Article One Partners LLC, an online community that works to validate or invalidate patents by offering cash compensation, says it has uncovered prior art in the JSA Technologies patent that covers the account to account transfer of funds between networks via the Internet. That could invalidate the patent that impacts campus card programs that use the Web to reload money to student accounts from other bank accounts.
Article One’s study for the patent held by JSA “uncovered a broad range of prior art references, including two references that each separately can show the patent to be invalid under the strongest level of invalidity evidence, called anticipation,” says the Article One report.
Prior art is evidence that the patented process, in this case JSA’s patent covering account transfers via the Internet, was in use prior to the patent being issued. As Article One says, such evidence could “come from published content anywhere in the world and in any language, including: previous patents; news or academic publications; non-digitized documents such as textbooks; or any public document provided to others, including conference or academic papers and business materials.”
According to Article One’s JSA study, “(it) uncovered new dramatic invalidating prior art that extensive traditional prior art searches didn’t produce … (including) two separate paths to invalidity under ‘102 anticipation,’ including a U.S. patent, and obscure publications about a product offered in 1997. ” JSA started the patent process in 1998.
Article One has named two advisors who identified the prior art evidence “and will share the monetary reward.”
However, Article One points out that “only a U.S. federal court or the U.S. Patent Office can invalidate a U.S. patent.

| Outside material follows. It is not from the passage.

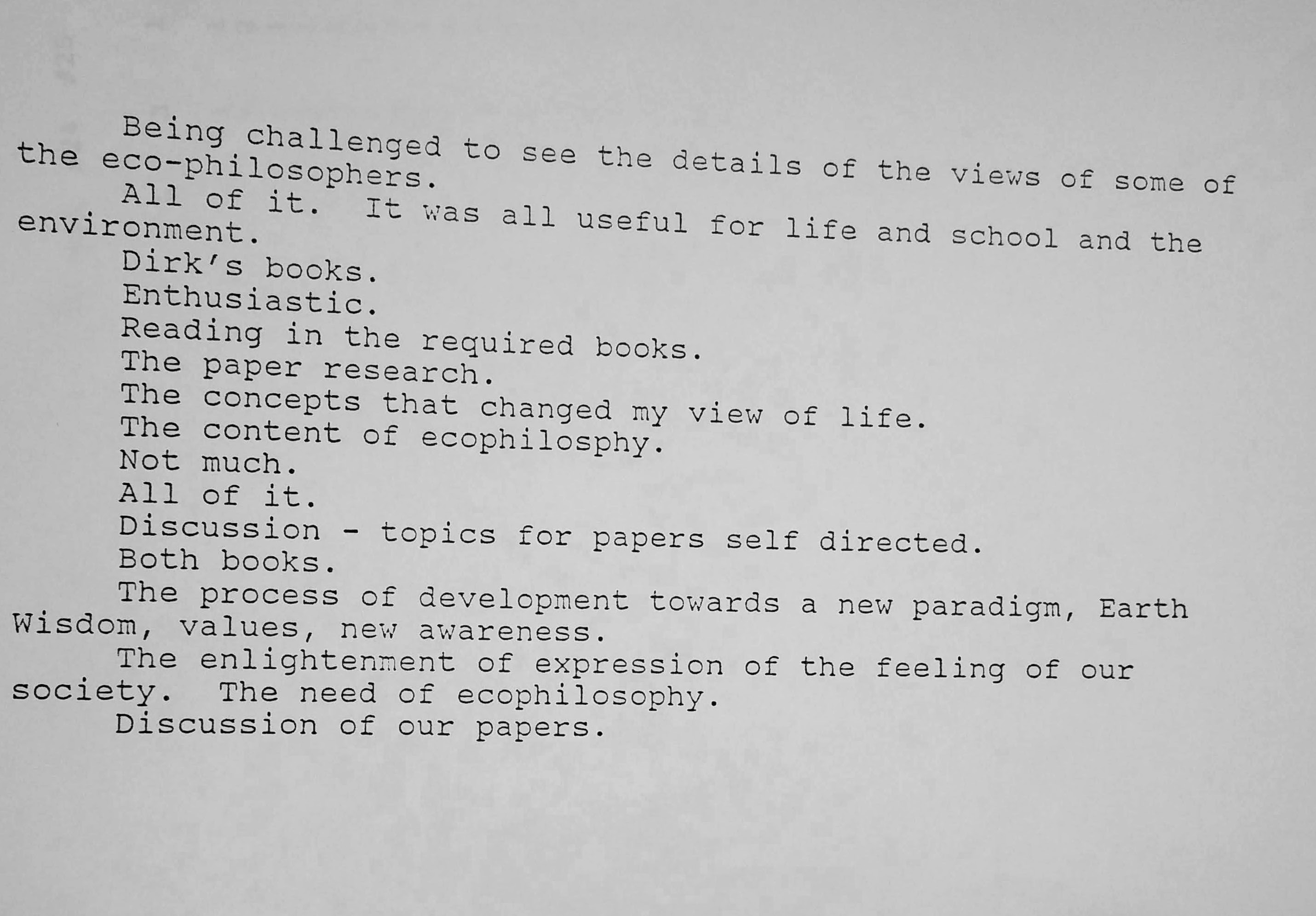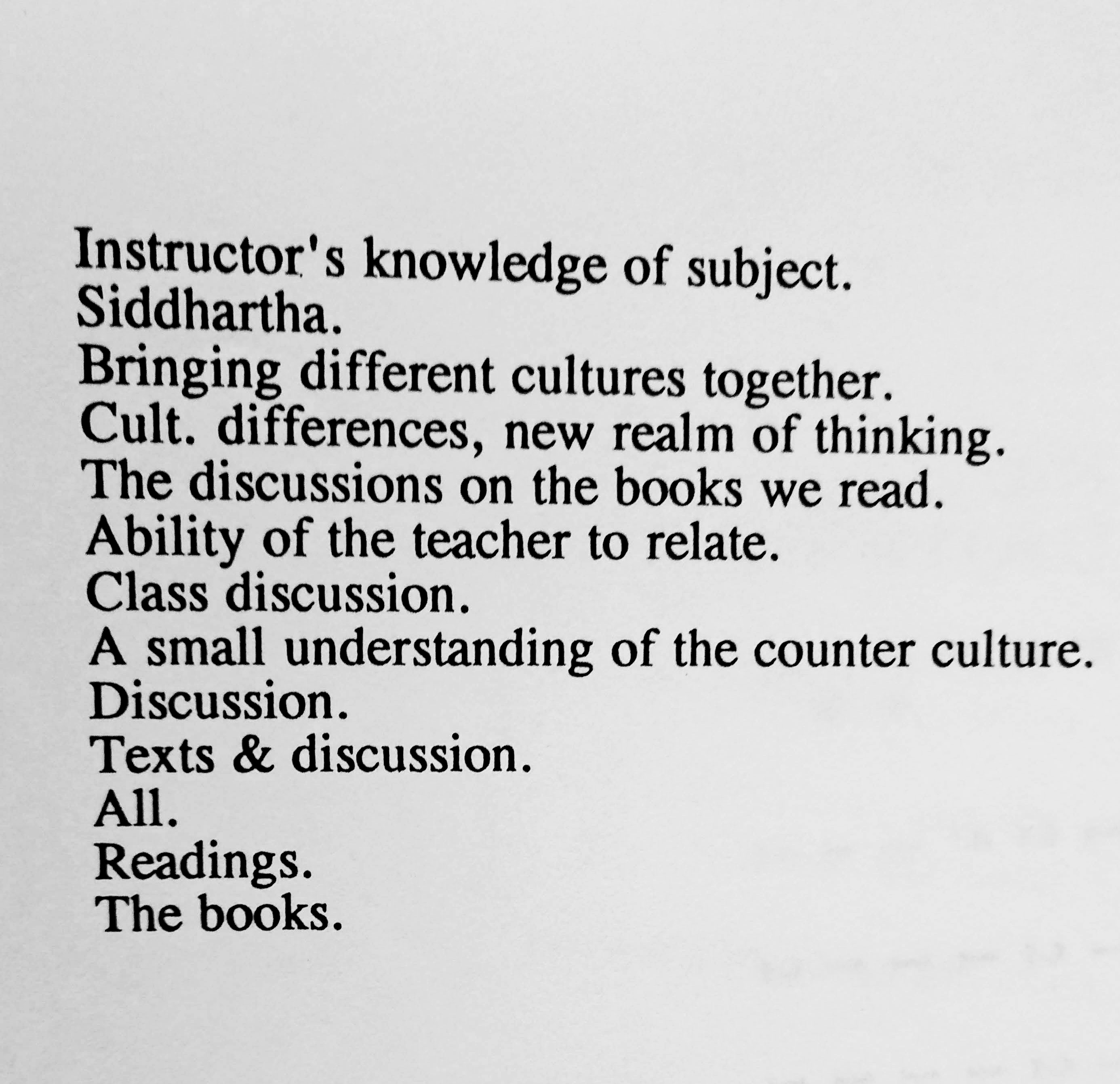 During my second and third years there, I added a few topics courses–Animal Rights (which I co-taught), Ecophilosophy, and The Meeting of East and West in Contemporary Culture–that were instant hits. The latter two became part of my teaching cycle. I really enjoyed the Ecophilosophy class and the discussions seemed to give a deeper purpose to students’ passion for nature, and they were not afraid to say so. Unfortunately, I do not have any extant syllabi but I remember we read Henryk Skolimowski’s Eco-Philosophy: Designing New Tactics for Living and a handbook I put together filled with essays from some of my favorite scholars. For the East meets West class we read Theodore Roszak’s The Making of a Counter Culture, Fritjof Capra’s The Turning Point, Ram Dass’s Be Here Now, Hermann Hesse’s Siddartha, Jack Kerouac’s The Dharma Bums, and Robert Pirsig’s Zen and the Art of Motorcycle Maintenance. There was definitely a hippie vibe at the college–shared many by students and faculty alike–and that class captured it. As with all my classes, I would change the environment. We would almost always sit in circles, go outside now and then (there were some great natural places to sit in a circle), or occasionally meet in the Student Center. Students would often lead various parts of the discussion on certain sections of the readings; I would have a couple of guest speakers; would occasionally show slides or documentaries; and, along with tests and papers, students wrote informal journals. I was always open to suggestions and willing to implement changes. Teaching is a two-way street.

Article One announces only its own decision for the outcome of Studies—based on its analysis of the prior art for purposes of determining winners to its Patent Studies. A court or the Patent Office may disagree with Article One’s decision. While Article One obtains outside counsel verification, Article One’s invalidity position is not a legal opinion.”
Jim Doyle, JSA’s vice president of operations, said he had not seen the report and therefore could not comment.